We use the following code to run through all the sound bites.
#Play a sound from the dataset
sound_file = '/kaggle/input/urbansounds/UrbanSound8K/audio/'
for index, row in df_unequal.iterrows():
slice_name = row['file_name']
name= sound_file+slice_name
print("Name of file: {} , Predicted to be: {} , Real Value: {} ".format(slice_name , row['preds'] ,row['class_labels']))
input(ipd.display(ipd.Audio(name,autoplay=True)))
clear_output(wait=True)
The below sound bite is an example from which I think the model actually does a better job than who classified the sound bite in the dataset.
One instance in particular, where the sound is prelabeled to be a car_horn, and predicted to be a jackhammer. But the car_horn is in the background, and the jackhammer is in the foreground. So I think the classifier actually does a better job here than the human person who classified the sound bite.
Audio('/kaggle/input/urbansounds/UrbanSound8K/audio/fold4/7389-1-0-4.wav')
The sound bite below is an example of a sound bite that doesnt really classifies as any of the sound labels. The soundbite is just noise, and this should probably be emitted from the dataset.
Audio('/kaggle/input/urbansounds/UrbanSound8K/audio/fold4/194458-9-1-75.wav')

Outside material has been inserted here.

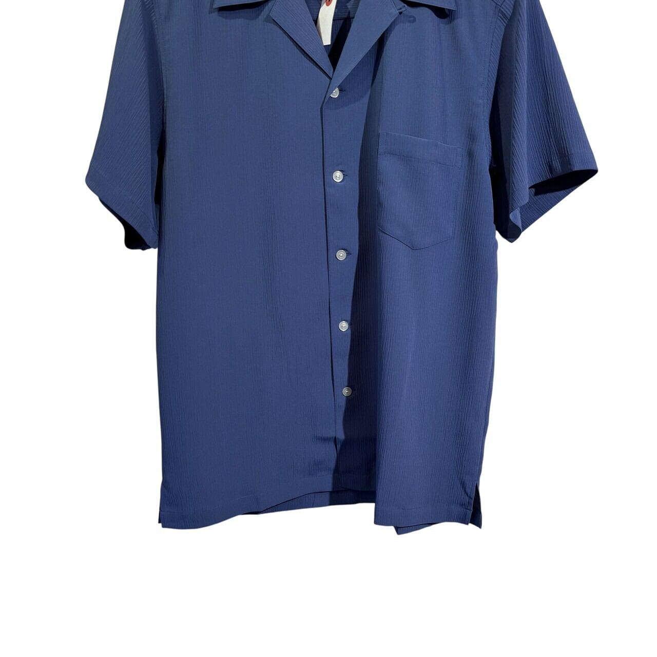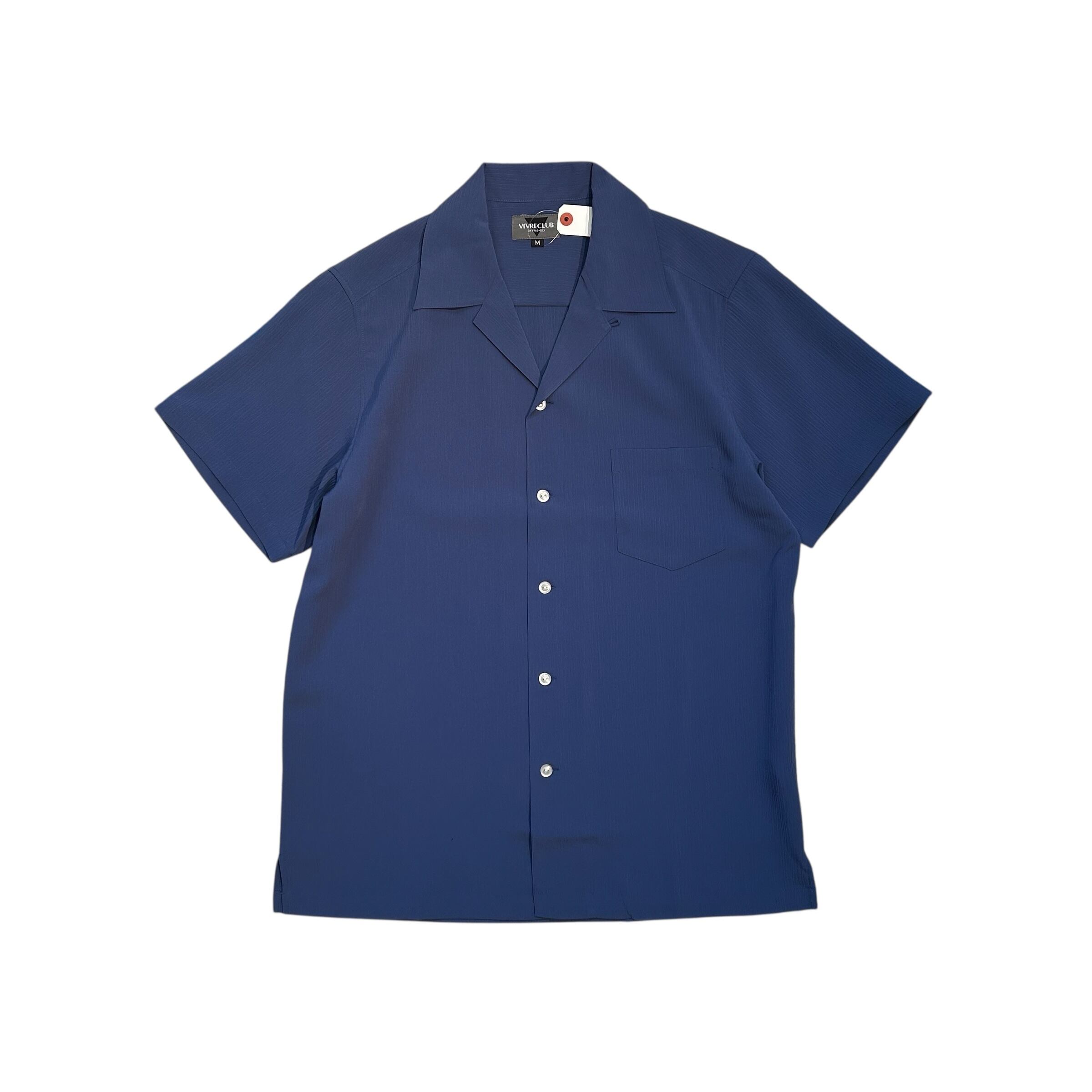 “VIVRE CLUB" Blue polyester wrinkle S/S open collar shirt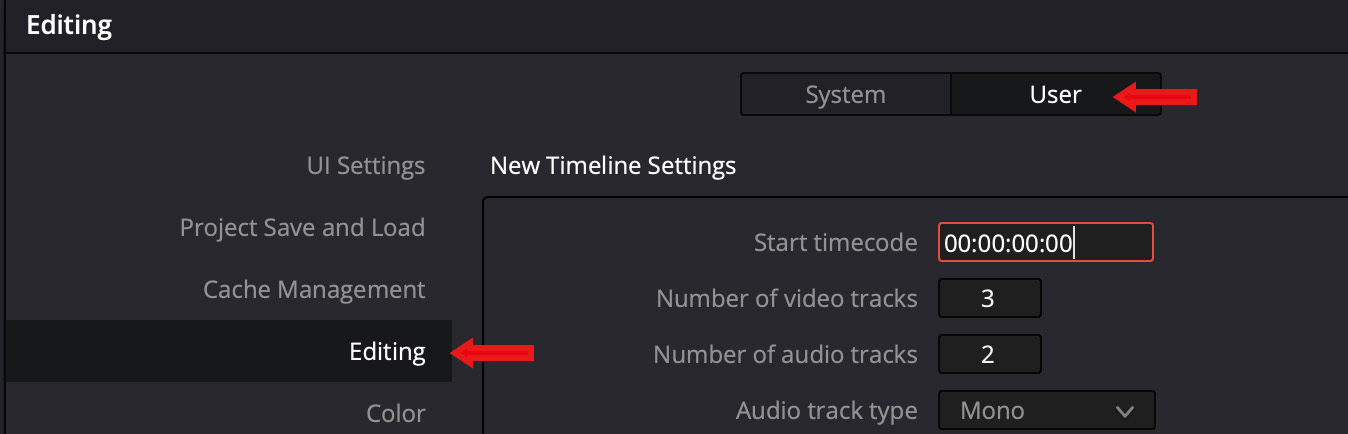 To change the default timecode in Resolve, go to DaVinci Resolve > Preferences > User > Editing. The default timecode is project based.

Some sound bites are so low in amplitude that is not possible to distinguish what the sound actually is. These sound bites should also be emitted from the dataset.
In conclusion
The model actually does a fairly well job, and eventhough it not able to classify all sound right, there could be made a case that these sound bites are either of so low amplitude that the sound cannot be heard or that the label is many fold (that the sound bite can actually be labeled as multiple of the possible categories).